10 Strategies to Protect Ultra-High Net worth Family Wealth


10 Strategies to Protect Ultra-High Net worth Family Wealth


The journey of such individuals is often comprised of ambition, courage, hard work and relentless consistency. It’s extremely difficult to achieve “Ultra-High Net Worth” status in today’s ultra competitive world, but achieving “Ultra-High Net Worth” status is an even more difficult – and rarer – feat.
After all, only those families whose investable assets are valued over $30 million are considered to be “Ultra-High Net Worth”.

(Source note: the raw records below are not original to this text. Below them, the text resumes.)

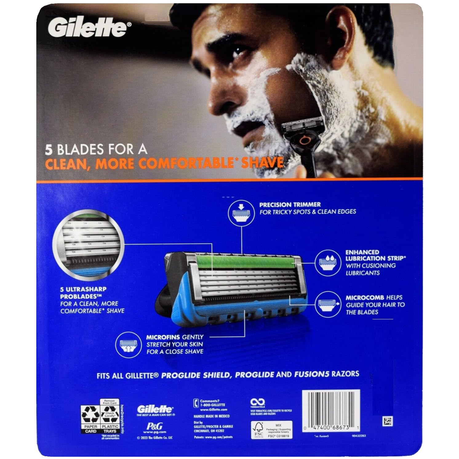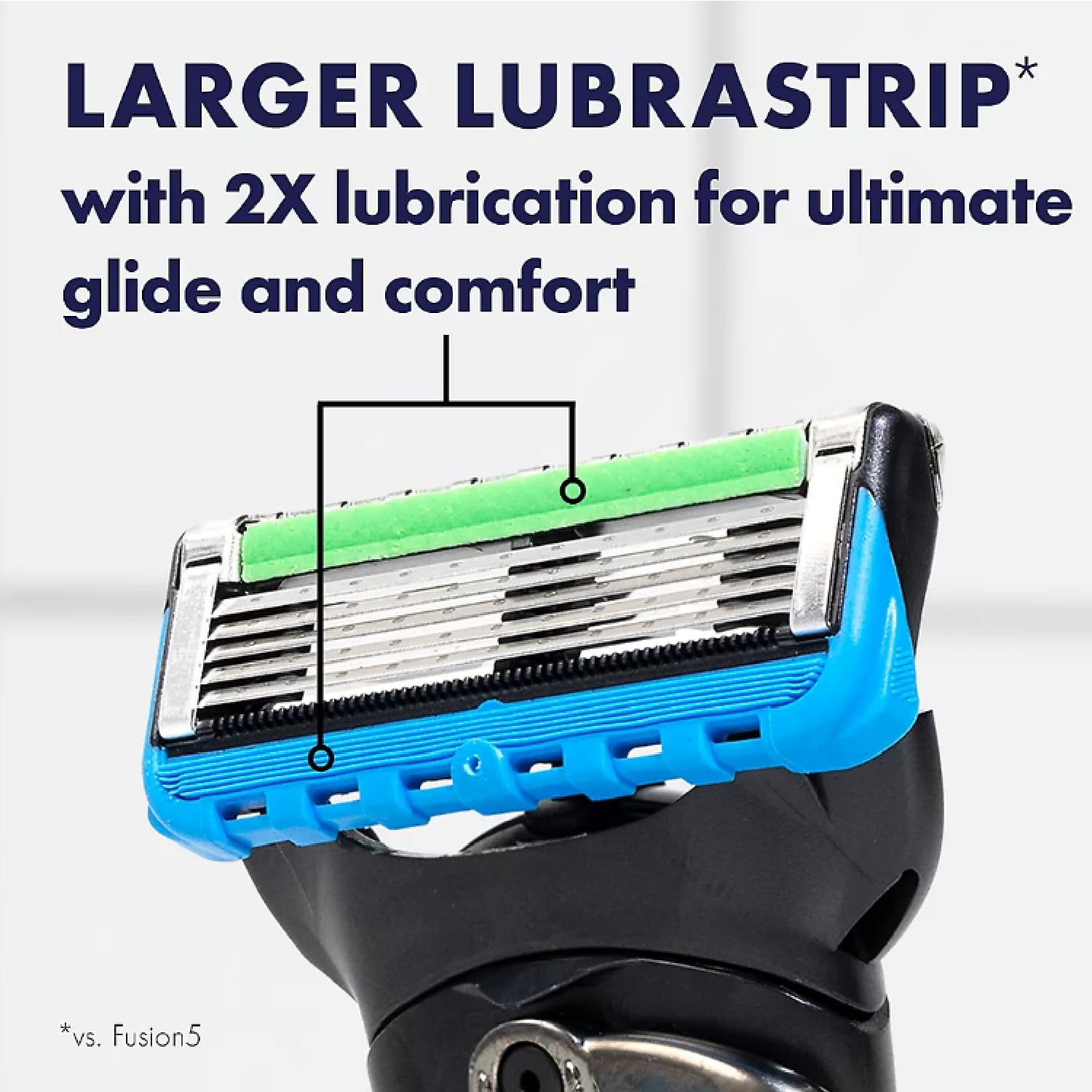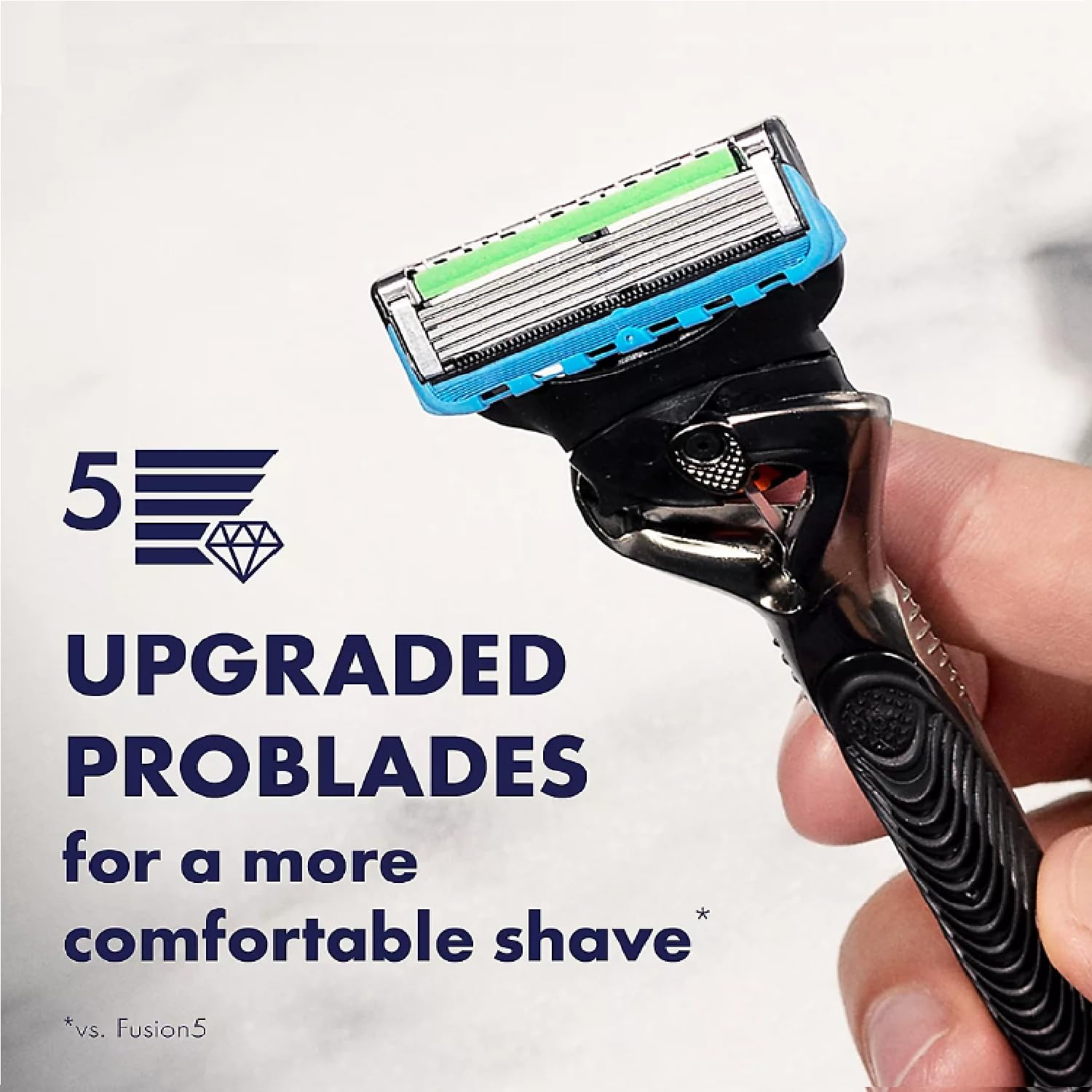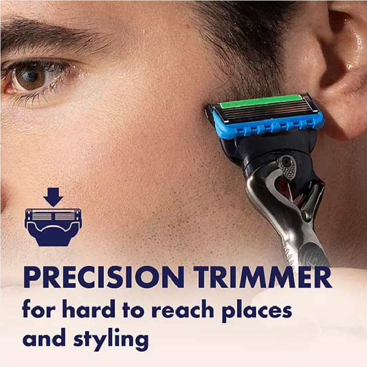 Details: The Gilette Pro Glide razor for men provides the iconic Gilette shave precision with comfort and style. This 5-bladed men's razor with FlexBall features a larger lubrication strip for added comfort and glide to your shave. This enhanced Lubrastrip also fades when you are no longer getting an optimal shave. The handle’s FlexBall technology responds to your facial contours, and the blade cartridge features 5 anti-friction blades for a shave you can barely feel. Our simple yet effective blade stabilization maintains optimal blade spacing for comfort while allowing the blades to adjust to the contours of your face. The Precision Trimmer on the back is perfect for styling facial hair, especially in these hard-to-reach areas such as under the nose and the sideburns. With soft microfins that gently stretch and smooth your skin and a microcomb that helps guide your hair for a close shave from our thinnest blades. Our ultra-sharp, anti-friction razor blades ensure a smooth shave, fitting all Gilette 5-blade razor handles (excluding GiletteLabs). Pro Glide refills can last up to one month.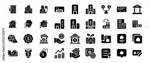 Black Glyph Icons Real Estate Finance Banking vector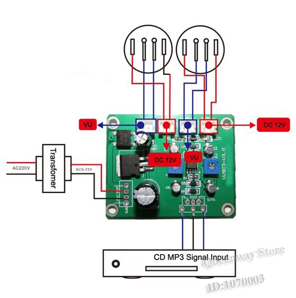 1 шт. плата драйвера и 2 шт. VU метров Вход AC/DC 9-15 в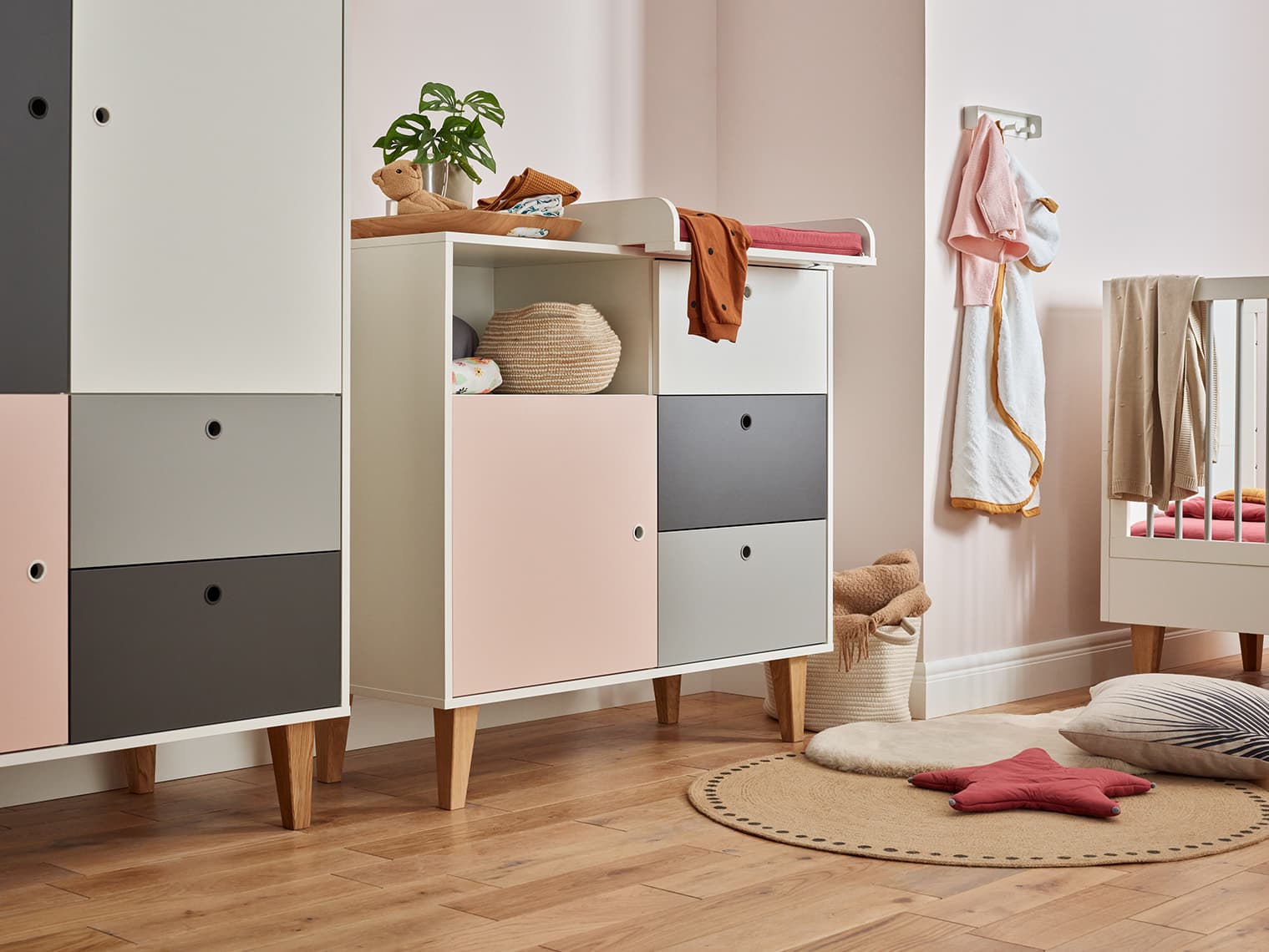 The chest of drawers is one of the most versatile pieces of furniture in the Concept collection. In the roomy cabinet and capacious drawers you can comfortably store clothes, underwear or toys. The top of the chest of drawers is instead an ideal place for any decorations, plants or photo frames.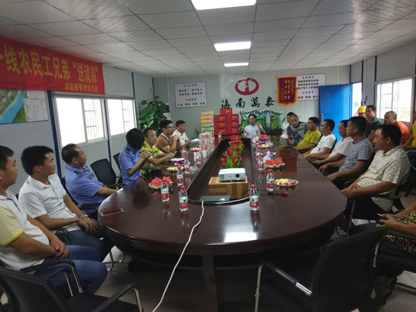 海南万泰建筑工程有限公司五指山清能·丽景湾一期一标项目部在会议室组织农民工工资集体发放暨海南万泰建筑工程有限公司“送清凉”活动。此次共计发放农民工工资150余万元现金。共送去夏季防暑凉茶50箱、绿豆300斤、冰糖150斤等一批物质。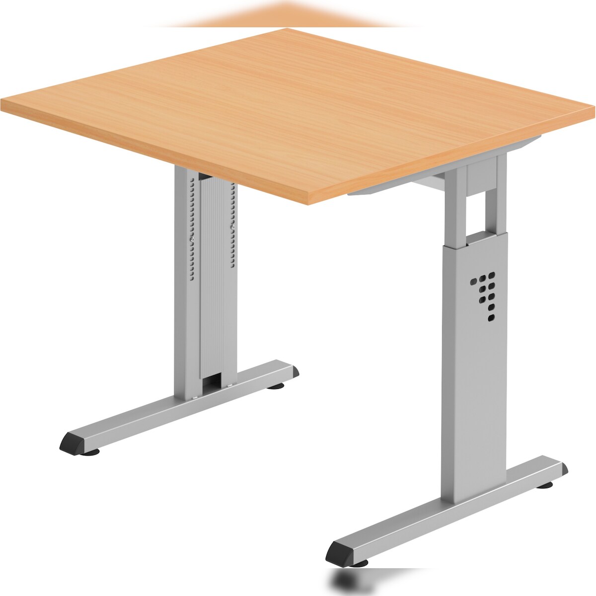 bümö höhenverstellbarer Schreibtisch R-Serie 80x80 cm in Ahorn, Gestell in Silber - PC Tisch klein für's Büro manuell höhenverstellbar, Computertisch
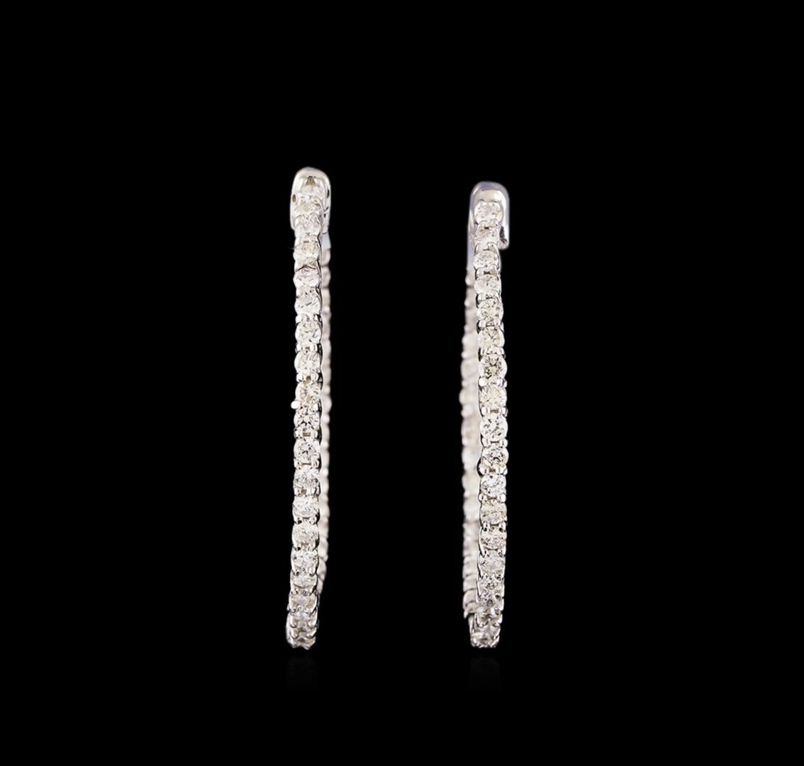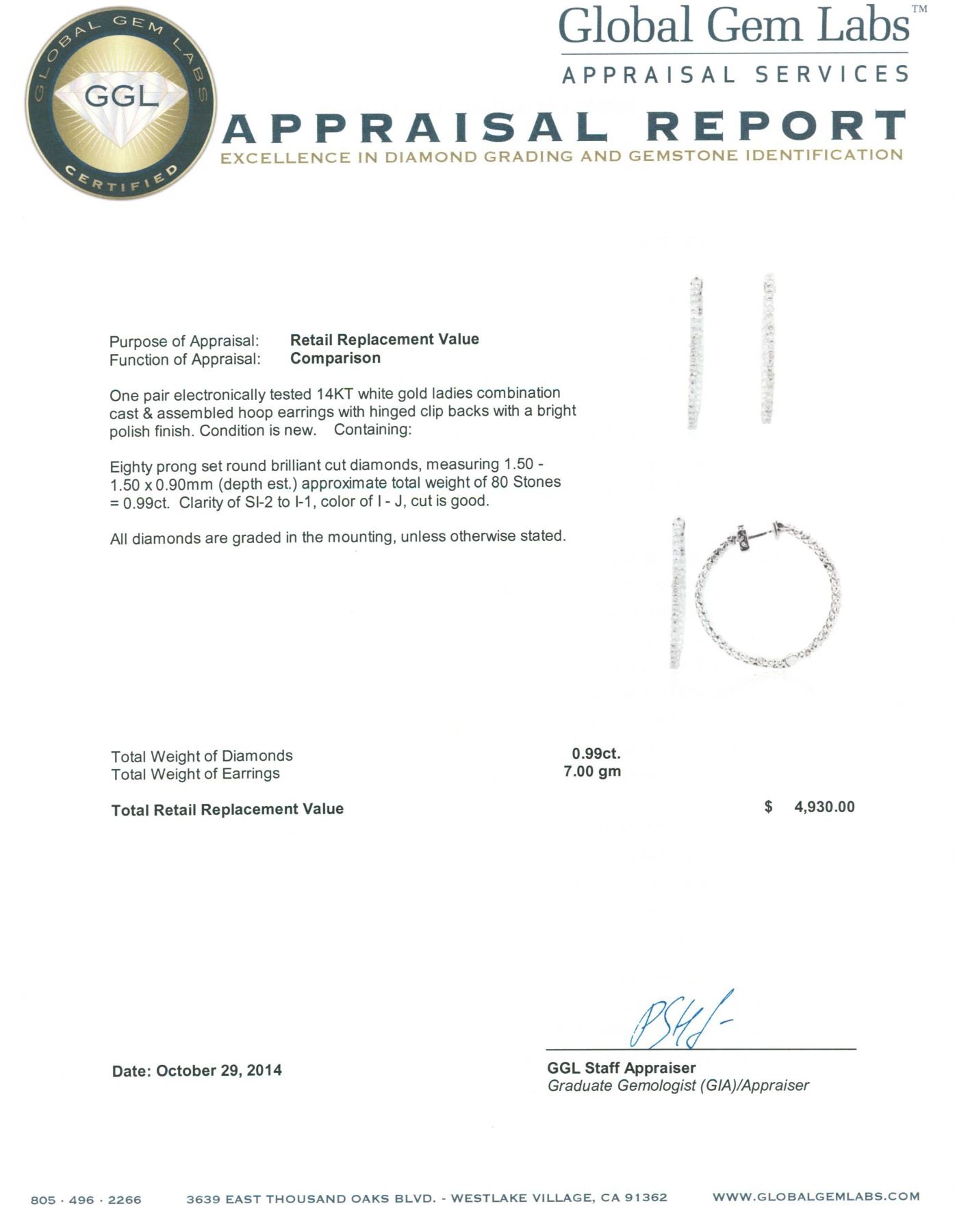 One pair electronically tested 14KT white gold ladies combination cast & assembled hoop earrings with hinged clip backs with a bright polish finish. Condition is new. Containing: Eighty prong set round brilliant cut diamonds, measuring 1.50 - 1.50 x 0.90mm (depth est.) approximate total weight of 80 Stones = 0.99ct. Clarity: SI-2 to I-1. Color: I - J, Cut is Good. All diamonds are graded in the mounting, unless otherwise stated. Total Weight of Diamonds 0.99ct. Total Weight of Earrings 7.00 grams. GGL Appraised.

Although it would take exceptional levels of irresponsibility, or a major financial catastrophe to develop financial issues, such as foreclosure or bankruptcy with this sort of wealth, it’s not something that’s unheard of.
‘Riches to Rags’ stories have indeed made headlines in the recent past—especially during the financial recession of 2007—where many families went from ‘Ultra-High Net Worth’ to just ‘High Net Worth’, or bankrupt!
While UHNW families usually don’t have to deal with financial problems that plague the common man, such as struggling to make the rent, or being unable to make the payments on their car, they have an entirely different set of financial problems to worry about.
In order to successfully maintain a high-standard of living and sustain their riches across multiple generations, UHNW families have to make some smart financial planning decisions.
These include efficiently dealing with the changing tax codes, proper estate planning and making the best use of investment vehicles.
At Pillar Wealth Management, we have been providing effective wealth management services to Ultra-High Net Worth clients for over three decades (we actually wrote a hard cover book titled The Art Of Protecting Ultra-High Net Worth Portfolios And Estates; sells on Amazon).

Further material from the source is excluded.